▶ _Material provided_:
+--

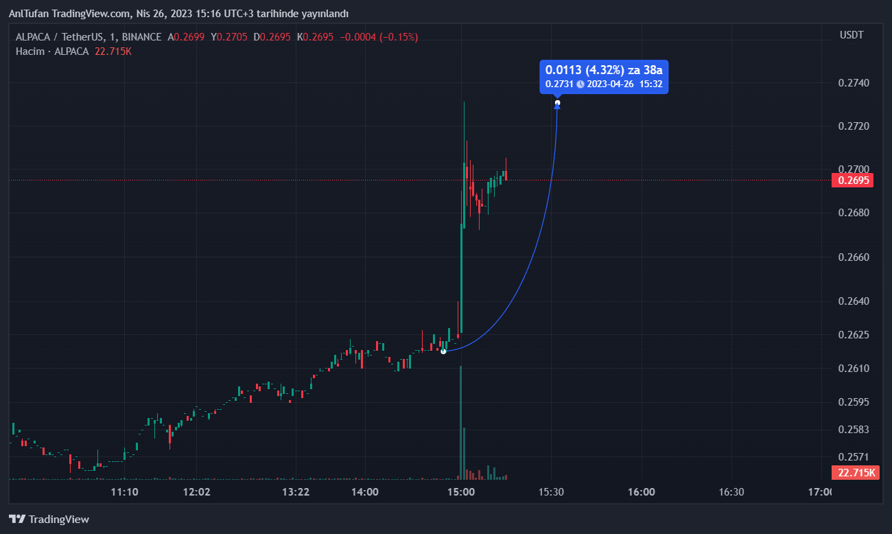 Bu duyuru metni sonrasında dakikalar içerisinde yüzde 4’ten fazla yükseliş yaşayan ALPACA, yükselişlerine devam edebilecek mi? merak konusu..
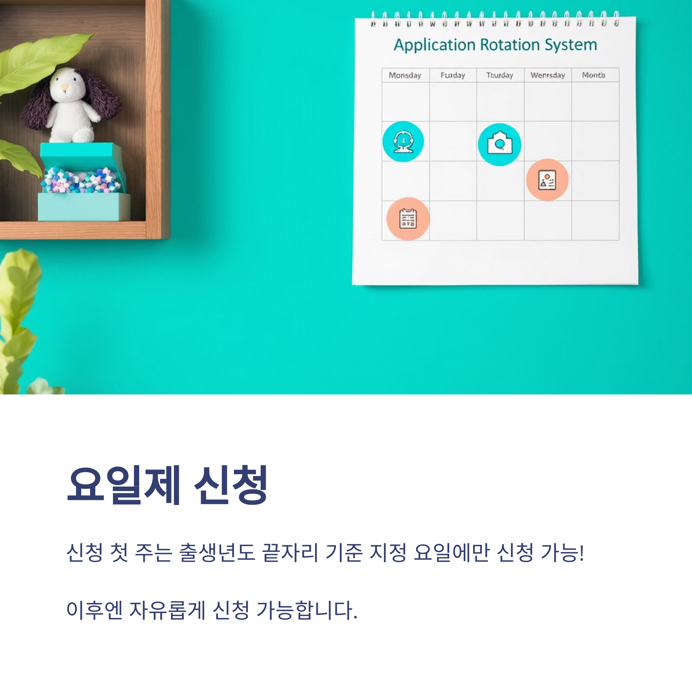 → 출생년도 끝자리 기준으로 지정 요일에만 신청 가능하며, 이후엔 자유 신청!
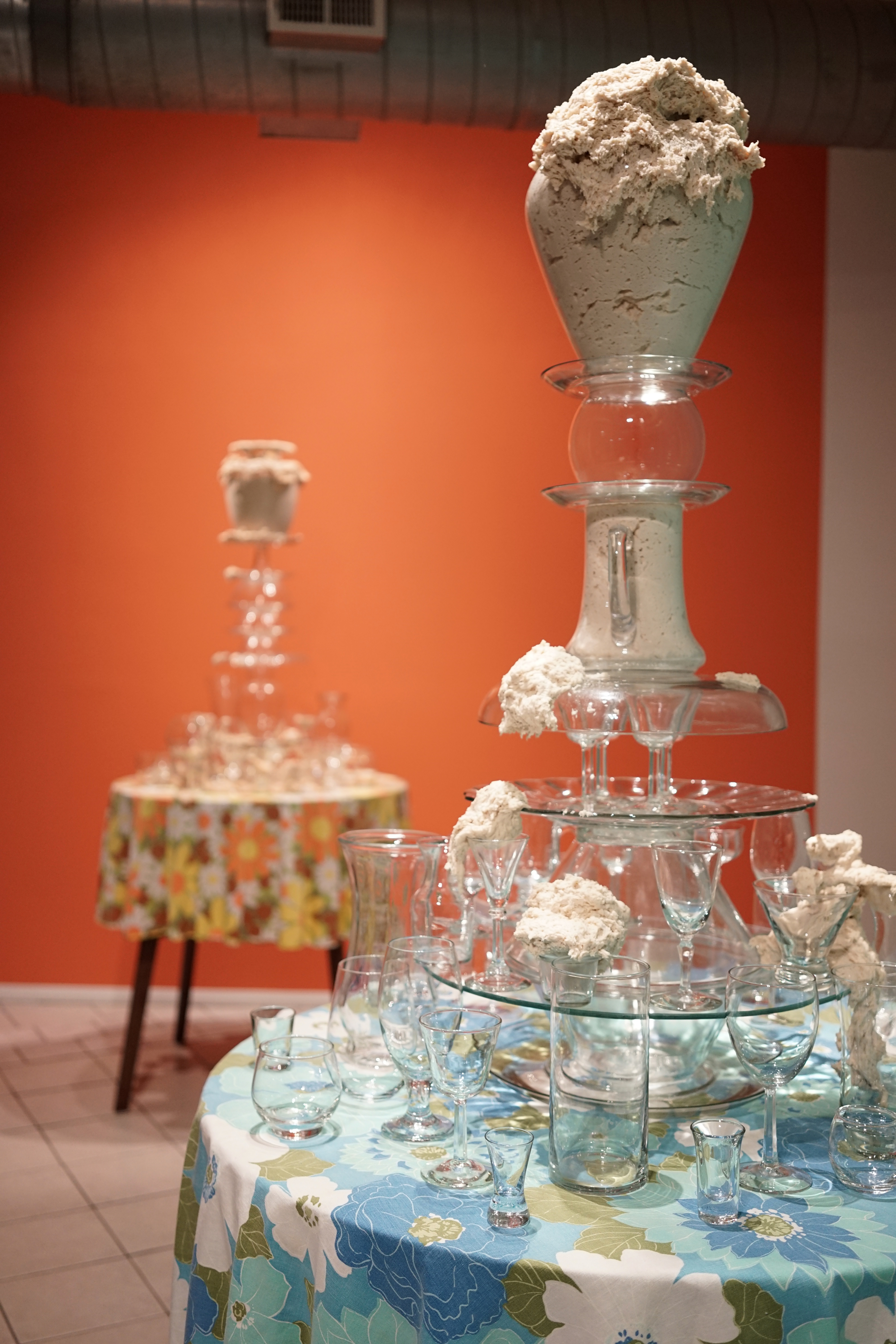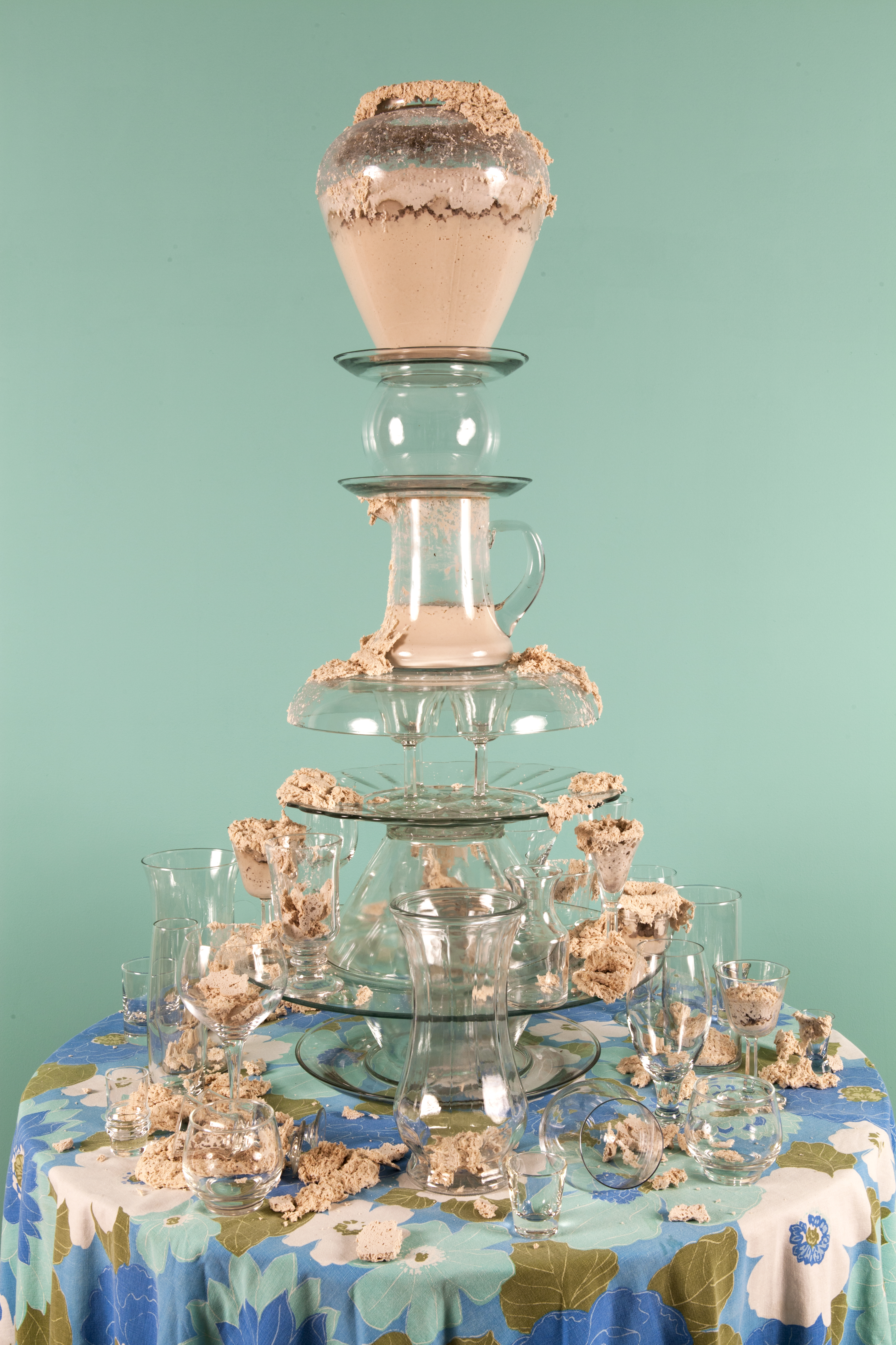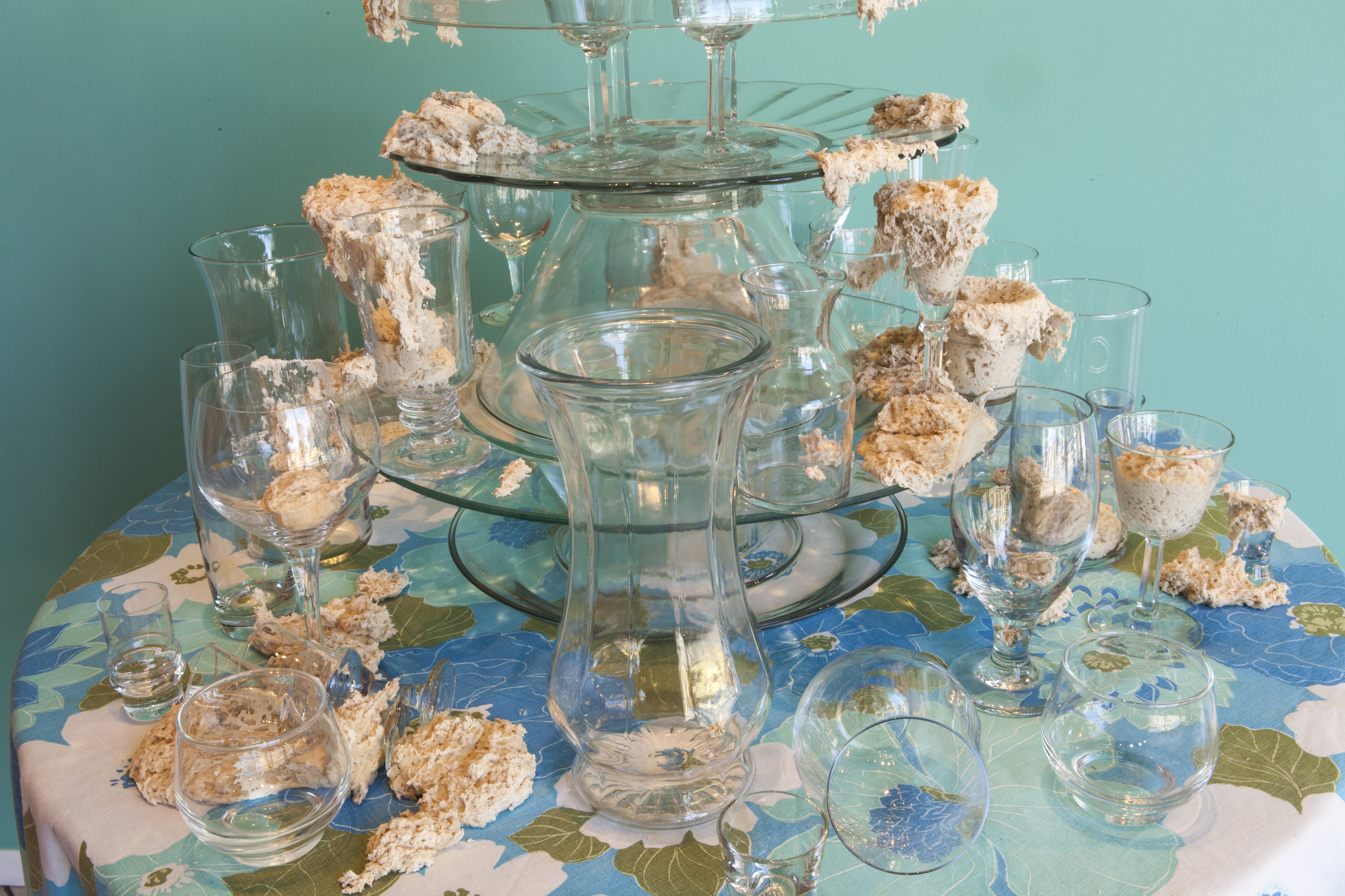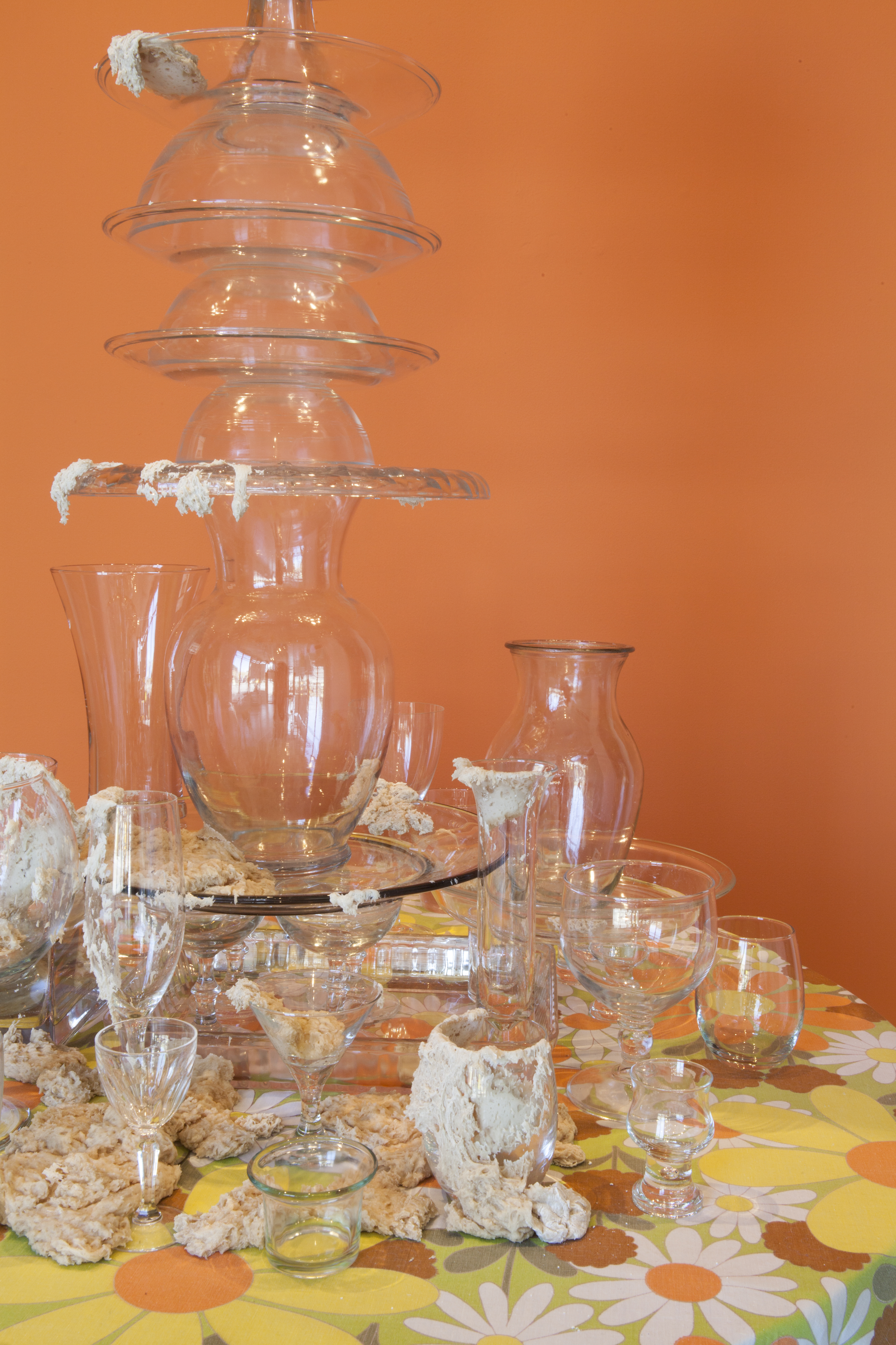 I’ve created these towers, or fountains, using these once discarded household objects. By placing dough at the center of my work, both my imagination and that of my audience, is captured. Captivated by its materiality and the way it moves in space, we don’t actually notice that we develop an expectation for the way it should behave within the scenarios I create. We watch, ever so closely at each tiny movement in the hope that that particular movement will be the one that satisfies us; that bit, right there, that’s about to fall! It will satisfy us, give us pleasure, give us what we expect when watching dough move slowly, especially in this scenario where it is slithering around the strength and fragility of glass. We want the dough to perform in a particular way; in this case, we want the dough to destroy the scene. Instead, the dough fails to deliver. It keeps us in a suspended state of wanting in its failure to deliver. The expectation does not go away with every scenario I create for the dough. If anything, with each ‘failed’ performance, the dough actually increases both my desire, and that of my audience, to keep seeking that sweet spot of satisfaction that is an end result, that actually never comes.”
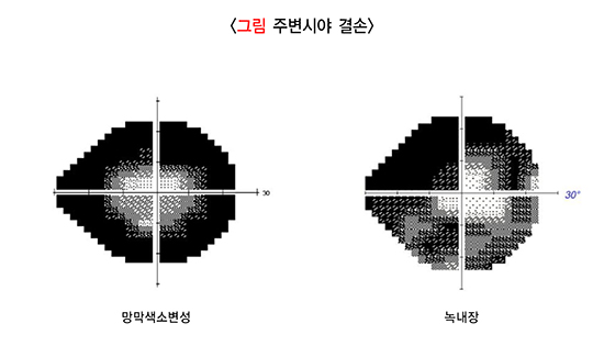 중심시야는 유지되어 중심부 시력은 남아있으므로 바로 앞을 볼 수는 있으나, 주변시야가 좁아져 주변부가 잘 보이지 않습니다. 속칭 터널시야로 불리며 매우 진행된 망막색소변성이나 녹내장 환자에서 볼 수 있습니다.

+--

▶ _Required action_: Every line above is to be duplicated exactly; no picture should be carried over.

▶ _Exercise answer_:
 Bu duyuru metni sonrasında dakikalar içerisinde yüzde 4’ten fazla yükseliş yaşayan ALPACA, yükselişlerine devam edebilecek mi? merak konusu..
 → 출생년도 끝자리 기준으로 지정 요일에만 신청 가능하며, 이후엔 자유 신청!
 I’ve created these towers, or fountains, using these once discarded household objects. By placing dough at the center of my work, both my imagination and that of my audience, is captured. Captivated by its materiality and the way it moves in space, we don’t actually notice that we develop an expectation for the way it should behave within the scenarios I create. We watch, ever so closely at each tiny movement in the hope that that particular movement will be the one that satisfies us; that bit, right there, that’s about to fall! It will satisfy us, give us pleasure, give us what we expect when watching dough move slowly, especially in this scenario where it is slithering around the strength and fragility of glass. We want the dough to perform in a particular way; in this case, we want the dough to destroy the scene. Instead, the dough fails to deliver. It keeps us in a suspended state of wanting in its failure to deliver. The expectation does not go away with every scenario I create for the dough. If anything, with each ‘failed’ performance, the dough actually increases both my desire, and that of my audience, to keep seeking that sweet spot of satisfaction that is an end result, that actually never comes.”
 중심시야는 유지되어 중심부 시력은 남아있으므로 바로 앞을 볼 수는 있으나, 주변시야가 좁아져 주변부가 잘 보이지 않습니다. 속칭 터널시야로 불리며 매우 진행된 망막색소변성이나 녹내장 환자에서 볼 수 있습니다.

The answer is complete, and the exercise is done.